Originally Posted by

**Deveno** i like the way you say "not hard". i got most of the way through proving this for myself, and then i ran into a snag: i needed burnside's theorem on normal complements (basically to show that a group of square-free order is solvable). and every proof i read of that, used the transfer homomorphism, and that's...ugly (it's a bit nicer because the sylow subgroups of a group of square-free order are all cyclic, but still...).

basically, i got this far:

use induction, minimal counter-example, number of primes > 2 (easy part).

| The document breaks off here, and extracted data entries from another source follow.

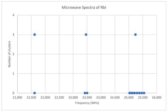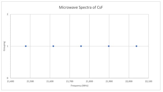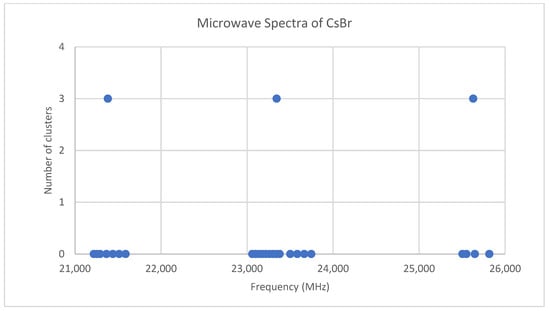 Bromine has two isotopes in approximately a 1:1 ratio, so two isotopologues should be observable in natural samples. The predicted value of 2B from the electron diffraction value is 2100 MHz (see Supplementary Material, Excel file CsBr.xlsx). The spectrum of cesium bromide in the region 21–26 GHz was measured [31] at 690 °C, and the frequencies observed (error 0.1–0.2 MHz) are given in Figure 4. Inspection of the 24 frequencies demonstrates that there are three clusters of frequencies centered at 21,382, 23,334, and 25,630 MHz [32]. The average difference of these is 2124 ± 150 MHz. The highest frequency per cluster differences is 2113 ± 45 MHz. These all suggest transitions corresponding to J = 9, 10, and 11.
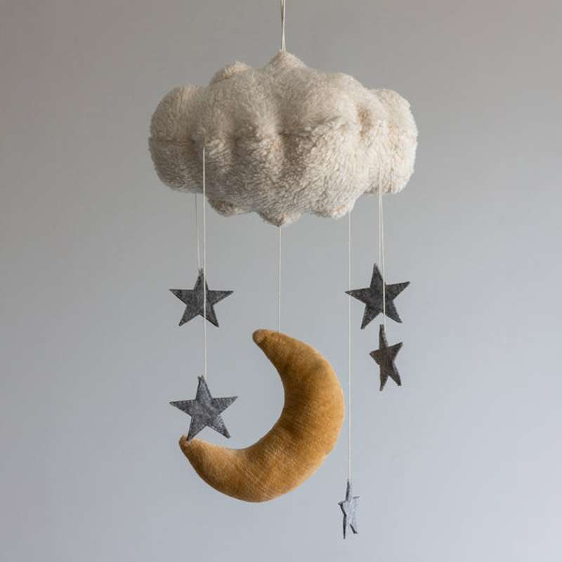 Le mobile pour bébé est constitué d'un nuage de 20 cm de long, d'où pendent de petites étoiles en velours et une lune en feutre. Il est conçu dans des couleurs douces et harmonieuses qui s'accordent avec n'importe quelle chambre de bébé.
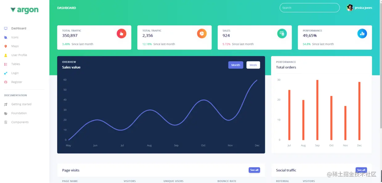 **Vue Argon Dashboard **是Bootstrap 4和Vue.js的仪表板。它是开源的,免费的,并且具有许多组件,可以帮助您创建出色的网站。Vue Argon仪表板内置了100多个单独的组件,因此您可以选择和组合。由于实现了所有元素,因此从原型制作到功能齐全的代码,您将节省大量时间。该仪表板附带了预先构建的示例,因此开发过程是无缝的,从我们的页面切换到真实的网站非常容易。
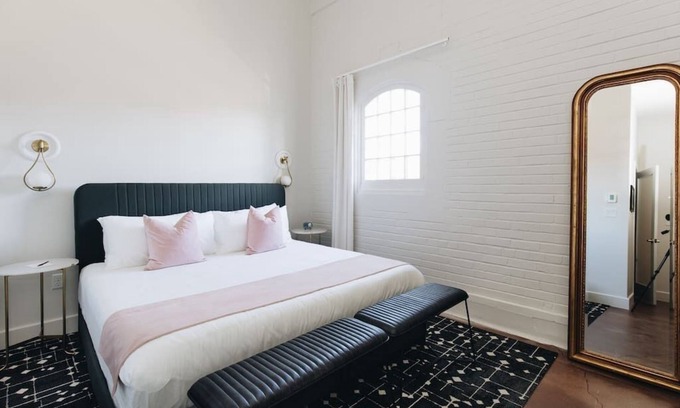 You’ll notice it the instant you walk in – the attention to detail and efforts made to meet the modern travelers' needs. Taking note from the era in which the building was constructed, each room is inspired by rich & playful colors, Art Deco motifs, art and opulent fixtures. Starting with the kitchenette; complete with quartz countertops and brass finishes to the memory foam mattress and spacious bathroom gives each studio an inviting stay. Relax in the velvet armchairs while you sip your morning coffee or evening libation. Each Deluxe Studio offers a coffee station, microwave, mini-fridge, organic toiletries and bath towels, memory foam mattress, closet space, SmartTV, high speed WIFI, eco friendly sateen linens and full length mirror.
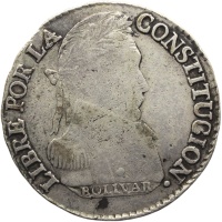 Obverse legend: LIBRE POR LA CONSTITUCION BOLIVAR
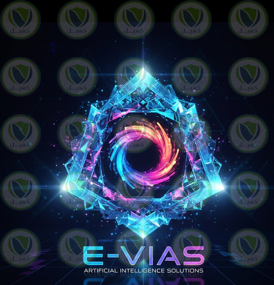 ​"تم تصميم هذه الهوية لتجسيد مفهوم الذكاء الاصطناعي الفائق (Super Intelligence). اعتمدت في الفكرة على دمج العناصر الهندسية المعقدة مع تأثيرات الضوء النيوني لتعكس السرعة والدقة التي تقدمها شركة E-VIAS. التصميم يجمع بين القوة التكنولوجية والجمالية العصرية، مع مراعاة قابليته للظهور بشكل فخم على المنصات الرقمية والمطبوعات الاحترافية."
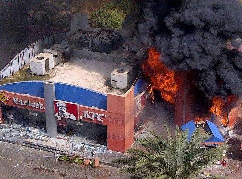 اعتراضات در شهر طرابلس در شمال لبنان و به آتش کشیدن رستوران آمریکایی "کی اف سی"

by induction hypothesis, if we can decompose G into a semi-direct product, boom! we're done, because the only semi-direct product possible is trivial (i.e., direct).

but...to get a normal subgroup of G, i need to construct factor groups using the commutator subgroup, and the case G = G' needs to be ruled out (which i can if G is solvable, hence burnside's complement theorem).

i know a simpler proof if i can prove this lemma: if none of the sylow subgroups of G are normal, then the number of elements of prime order > |G|.

i spent a long-time reading NonCommAlg's blog (and some of yours, too). his proof of what you say here is 1/2 a page....with 5 or 6 pages of referenced material (maybe more, if you back-track all the links).

the thing is, in this case, it will turn out (in this case of square-free orders where gcd(n,φ(n) = 1) that EVERY sylow subgroup is normal, because G is actually cyclic. and using burnside (or character theory, which amounts to the same thing, i think), seems like mashing potatoes with a steamroller. i'd like to see a more "elementary proof" that is a bit more direct. i feel sure there is one, just haven't come across it.